··· Data extract

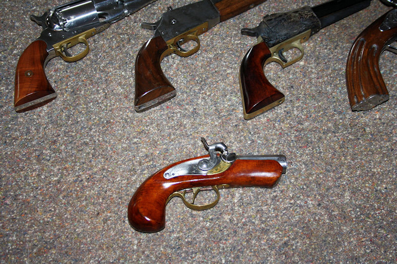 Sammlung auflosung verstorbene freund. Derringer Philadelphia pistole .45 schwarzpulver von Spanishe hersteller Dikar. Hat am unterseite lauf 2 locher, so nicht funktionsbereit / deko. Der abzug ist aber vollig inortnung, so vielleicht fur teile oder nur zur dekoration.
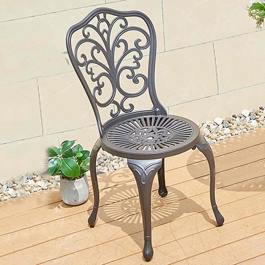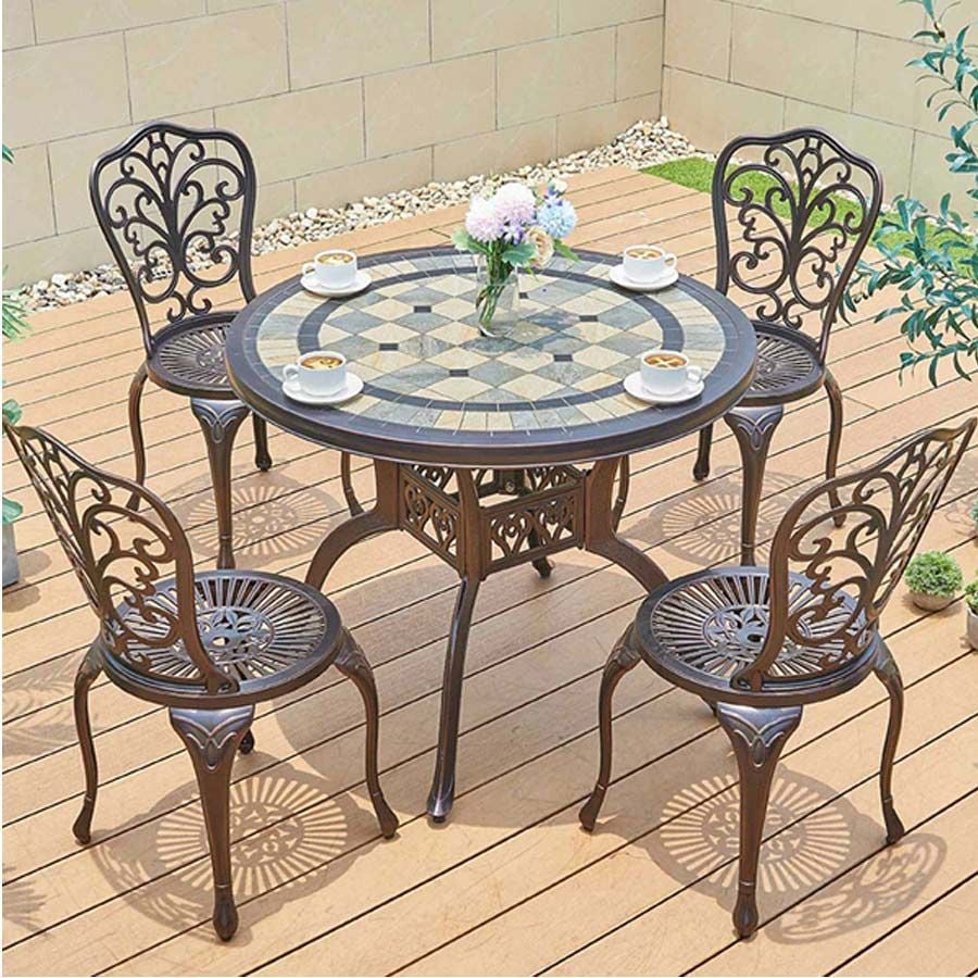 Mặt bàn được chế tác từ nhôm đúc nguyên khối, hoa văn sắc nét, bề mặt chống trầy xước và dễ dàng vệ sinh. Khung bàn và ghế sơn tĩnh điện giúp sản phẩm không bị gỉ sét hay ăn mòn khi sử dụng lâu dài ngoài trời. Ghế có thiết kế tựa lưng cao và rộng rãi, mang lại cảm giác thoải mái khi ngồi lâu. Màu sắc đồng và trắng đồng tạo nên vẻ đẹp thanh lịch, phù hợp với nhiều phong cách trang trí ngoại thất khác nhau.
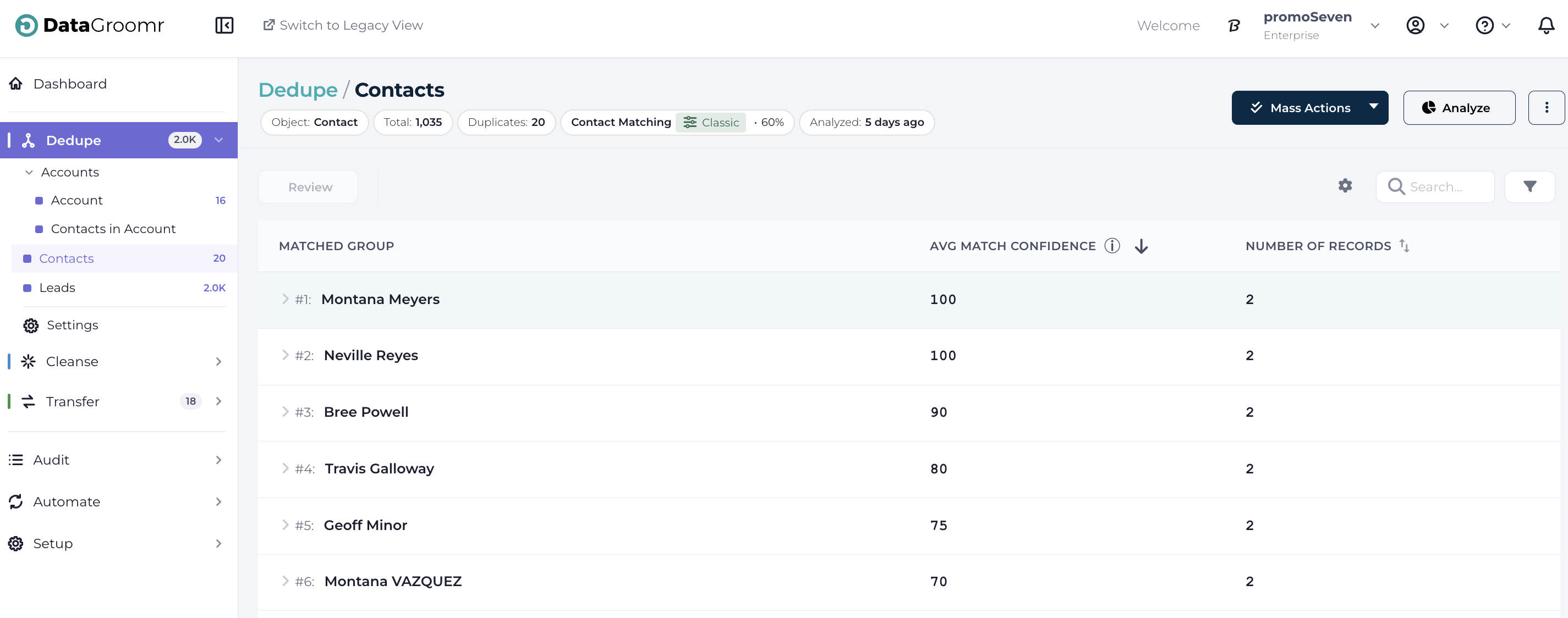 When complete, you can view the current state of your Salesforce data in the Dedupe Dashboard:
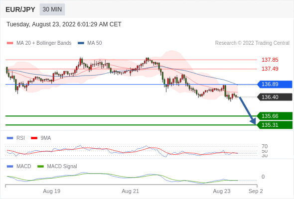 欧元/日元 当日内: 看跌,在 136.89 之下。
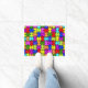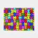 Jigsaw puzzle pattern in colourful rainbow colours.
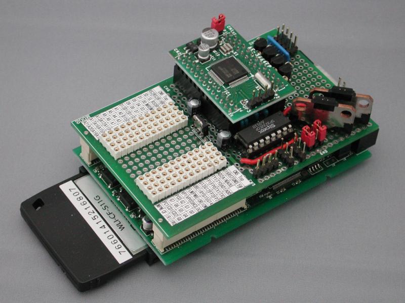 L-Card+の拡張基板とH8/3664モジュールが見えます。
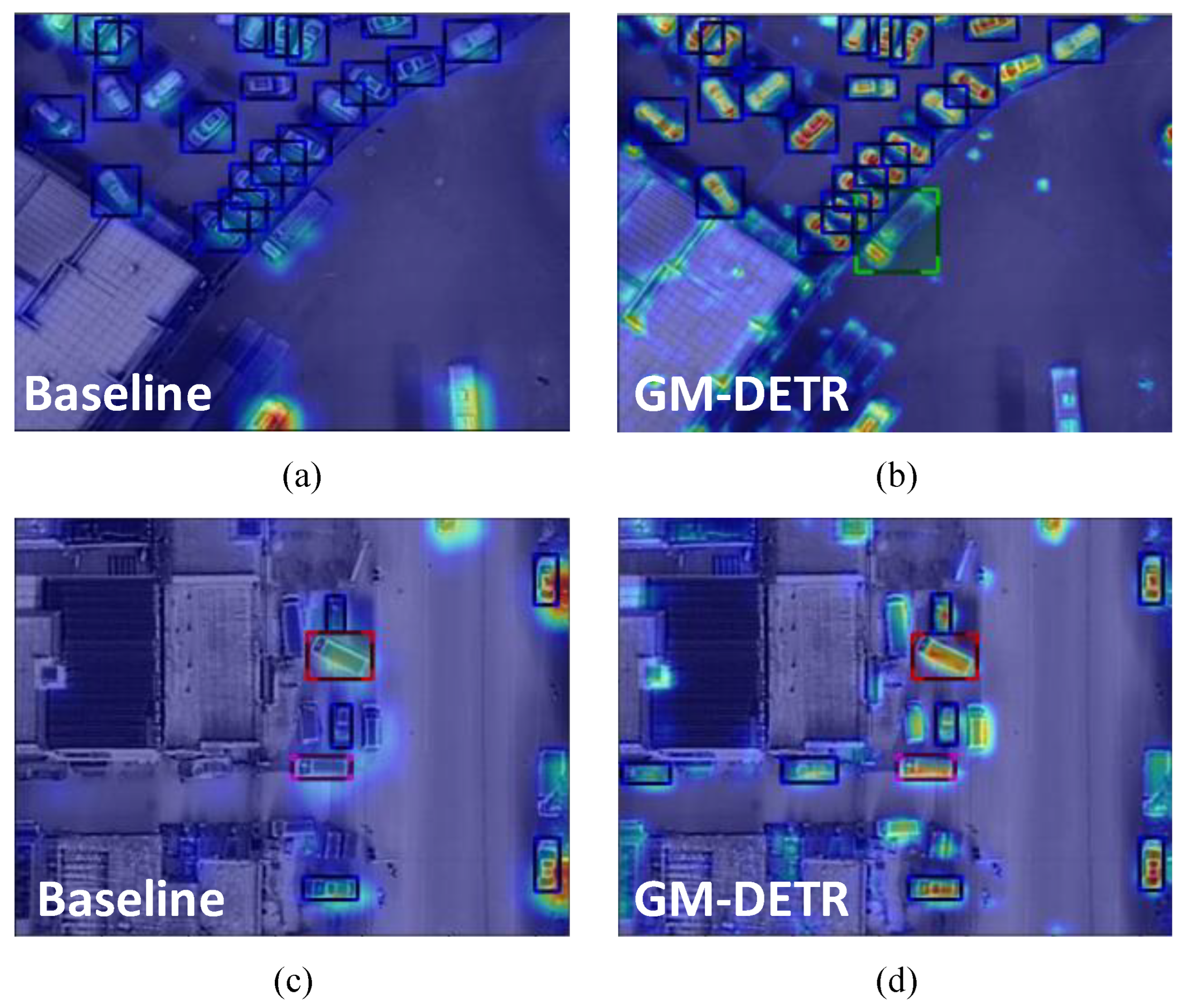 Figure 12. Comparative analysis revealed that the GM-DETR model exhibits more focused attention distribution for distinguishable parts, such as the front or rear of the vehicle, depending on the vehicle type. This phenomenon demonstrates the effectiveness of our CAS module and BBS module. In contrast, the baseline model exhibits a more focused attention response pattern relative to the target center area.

······

> What is being asked: Drop the images; restate the listing exactly.

> Answer space:
 Sammlung auflosung verstorbene freund. Derringer Philadelphia pistole .45 schwarzpulver von Spanishe hersteller Dikar. Hat am unterseite lauf 2 locher, so nicht funktionsbereit / deko. Der abzug ist aber vollig inortnung, so vielleicht fur teile oder nur zur dekoration.
 Mặt bàn được chế tác từ nhôm đúc nguyên khối, hoa văn sắc nét, bề mặt chống trầy xước và dễ dàng vệ sinh. Khung bàn và ghế sơn tĩnh điện giúp sản phẩm không bị gỉ sét hay ăn mòn khi sử dụng lâu dài ngoài trời. Ghế có thiết kế tựa lưng cao và rộng rãi, mang lại cảm giác thoải mái khi ngồi lâu. Màu sắc đồng và trắng đồng tạo nên vẻ đẹp thanh lịch, phù hợp với nhiều phong cách trang trí ngoại thất khác nhau.
 When complete, you can view the current state of your Salesforce data in the Dedupe Dashboard:
 欧元/日元 当日内: 看跌,在 136.89 之下。
 Jigsaw puzzle pattern in colourful rainbow colours.
 L-Card+の拡張基板とH8/3664モジュールが見えます。
 Figure 12. Comparative analysis revealed that the GM-DETR model exhibits more focused attention distribution for distinguishable parts, such as the front or rear of the vehicle, depending on the vehicle type. This phenomenon demonstrates the effectiveness of our CAS module and BBS module. In contrast, the baseline model exhibits a more focused attention response pattern relative to the target center area.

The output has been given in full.